@plune-ai/cairn

v0.4.2

Published

9 hours ago

Cairn — an AI that walks your system and leaves a trail of tests. Autonomous QA agent (UI today; API/unit/docs planned) powered by Claude/OpenRouter, with self-improvement via Langfuse.

0High
0Medium
0Low

azanir

cairn qa testing test-generation playwright ui-testing ai-agent langfuse anthropic openrouter

Cairn

Cairn — an AI that walks your system and leaves a trail of tests: UI, API, unit, docs.

▶ Demo: docs/demo/cairn.cast — play with asciinema play docs/demo/cairn.cast

Autonomous QA agent (Node.js / TypeScript) that logs into a web app with a saved session, explores pages (ARIA snapshot + screenshot), designs methodology-based UI test cases (ISO/IEC/IEEE 29119-4), generates runnable @playwright/test code, self-validates and self-repairs, and self-improves via Langfuse. A portable utility (CLI + library) for embedding into other TypeScript projects.

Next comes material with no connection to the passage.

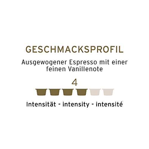 100 % Tchibo Arabica: Ausgewogener Espresso mit einer feinen Sahnekaramellnote (Intensität 5 von 6) und einer feinen Vanillenote (Intensität 4 von 6), natürliches Aroma

Cairn is the generation layer — it produces tests across surfaces (UI today; API / unit / docs planned), each arriving by demand, one at a time. A separate Plune layer owns record / management / eval.

Renamed from Lex-Bot → Cairn. The old lex-bot command and the @plune-ai/lex-bot package still work — the CLI prints a one-line deprecation notice — but switch to cairn / @plune-ai/cairn; the old names will be removed in 1–2 releases. Legacy LEX_/LEXBOT_ env vars still work too; prefer CAIRN_.

What it does

Point it at a URL (behind login, with a saved Playwright storageState) and it will:

Observe — navigate, wait for SPA hydration, capture an ARIA snapshot + screenshot, extract interactive elements.
Ground — verify every locator (getByRole().count()), explore tabs/views (multi-state), probe safe state transitions — so it tests what is actually there, not hallucinations.
Design — write methodology-based test cases (29119-4: EP / BVA / decision-table / state-transition / error-guessing), steered by an optional checklist and domain knowledge files.
Generate & validate — emit POM-style @playwright/test specs (role-based locators, test.step), run them, classify pass/fail/flaky, and self-repair failures (with keep-best: a repair never makes the suite worse).
Judge & learn — deterministic scorers + an LLM judge + a holistic Pilot verdict + semantic checklist coverage, all traced to Langfuse; accumulate the best cases across runs.

Two decoupled modes

design — explore + write test cases as Markdown files (ATC-* automatable / MTC-* manual) with recorded selectors. No code. Review them as a human, automate later.
automate — generate @playwright/test code from approved ATC-* cases (skips MTC-* manual ones).
explore — the full pipeline at once (cases → code → validation → repair → Pilot verdict).

How it works — the full cycle

New to this? The bot writes two kinds of test case:

ATC (Automatable Test Case) — the bot is confident it can drive reliably (read-only checks, verified locators) → it generates Playwright code for these.
MTC (Manual Test Case) — needs a human (full form submits, security/XSS, visual/UX, irreversible actions) → left for you to run by hand.

The typical flow:

Capture a session (once) — log in so the bot can reach pages behind auth.
Design — the bot studies the page and writes test cases (ATC-* / MTC-* .md files with recorded selectors). No code yet.
Review — you read the cases (in the TUI: Browse past runs → open a run → Cases).
Promote (optional) — reviewed an MTC and decided it's actually automatable? cairn promote … (or a in the TUI) converts it to an ATC in place. It's then picked up by automate.
Automate — generate @playwright/test code from the ATC cases.
Validate — run the generated tests, classify pass/fail/flaky, and self-repair failures.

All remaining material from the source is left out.